Check the appropriate box below if the Form 8-K filing is intended to simultaneously satisfy the filing obligation of the registrant under any of the following provisions (see General Instruction A.2. below):

 

☐ Written communications pursuant to Rule 425 under the Securities Act (17 CFR 230.425)

 

☐ Soliciting material pursuant to Rule 14a-12 under the Exchange Act (17 CFR 240.14a-12)

 

☐ Pre-commencement communications pursuant to Rule 14d-2(b) under the Exchange Act (17 CFR 240.14d-2(b))

 

☐ Pre-commencement communications pursuant to Rule 13e-4(c) under the Exchange Act (17 CFR 240.13e-4(c))

 

Securities registered pursuant to Section 12(b) of the Act:

 

Title of each class Trading Symbol(s) Name of each exchange on which registered
Common Stock, par value $0.001 per share GNUS The Nasdaq Capital Market

 

Indicate by check mark whether the registrant is an emerging growth company as defined in Rule 405 of the Securities Act of 1933 (§230.405 of this chapter) or Rule 12b-2 of the Securities Exchange Act of 1934 (§240.12b-2 of this chapter).

 

Emerging growth company ☐

 

If an emerging growth company, indicate by check mark if the registrant has elected not to use the extended transition period for complying with any new or revised financial accounting standards provided pursuant to Section 13(a) of the Exchange Act. ☐

 

 

 

     
 

 

 

Item 8.01. Other Events.

 

As previously disclosed, on September 4, 2019, Genius Brands International, Inc., a Nevada corporation (the “Company”), received a written notice from the Nasdaq Stock Market LLC (“Nasdaq”) indicating that the Company was not in compliance with Nasdaq Listing Rule 5550(a)(2) (the “Rule”), as the Company’s closing bid price for its common stock was below $1.00 per share for the last 30 consecutive business days.

 

Pursuant to Nasdaq Listing Rule 5810(c)(3)(A), the Company was granted a 180-calendar day compliance period, or until March 2, 2020, to regain compliance with the minimum bid price requirement.
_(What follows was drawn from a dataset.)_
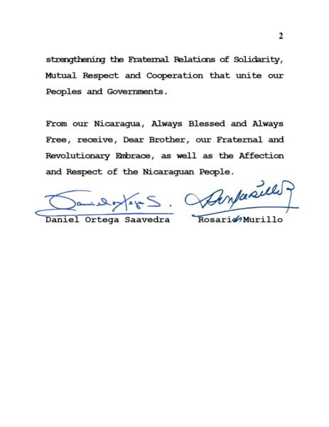 El Copresidente-Comandante Daniel y la Copresidenta Compañera Rosario Murillo enviaron un fraternal Mensaje de Saludo y Felicitación a Su Majestad, el Rey Mswati III, del Reino de Esuatini, en ocasión de conmemorarse el 57 Aniversario de la Independencia de ese Hermano País, expresando los mejores votos de paz, prosperidad y bienestar para su Pueblo y Gobierno.
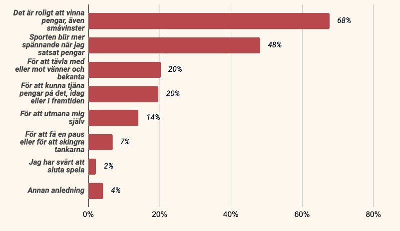 Kommentar: På frågan varför man man spelar på betting, svarade 68% att det främst är för att vinna pengar. På en andra plats med 48% kom skälet att sporten blir mer spännande när man hade satsat pengar.

To regain compliance, the closing bid price of the Company’s common stock was required to meet or exceed $1.00 per share for at least 10 consecutive business days during the 180-calendar day compliance period.

 

On March 3, 2020, the Company received notification from Nasdaq that it was granted an additional 180-day compliance period, or until August 31, 2020, to regain compliance with the minimum $1.00 bid price per share requirement of the Rule. Nasdaq’s determination to grant the additional 180-day compliance period was based on the Company’s meeting the continued listing requirement for the market value of publicly held shares and all other applicable requirements for initial listing on the Nasdaq Capital Market with the exception of the bid price requirement, and its provision of written notice of its intention to cure the deficiency during the second compliance period, including effecting a reverse stock split if necessary.

 

On May 28, 2020, the Company received a written notice from Nasdaq that the Company had regained compliance with the minimum bid price requirement as the Company’s common stock met or exceeded $1.00 per share for at least 10 consecutive business days. As a result, the matter is now closed.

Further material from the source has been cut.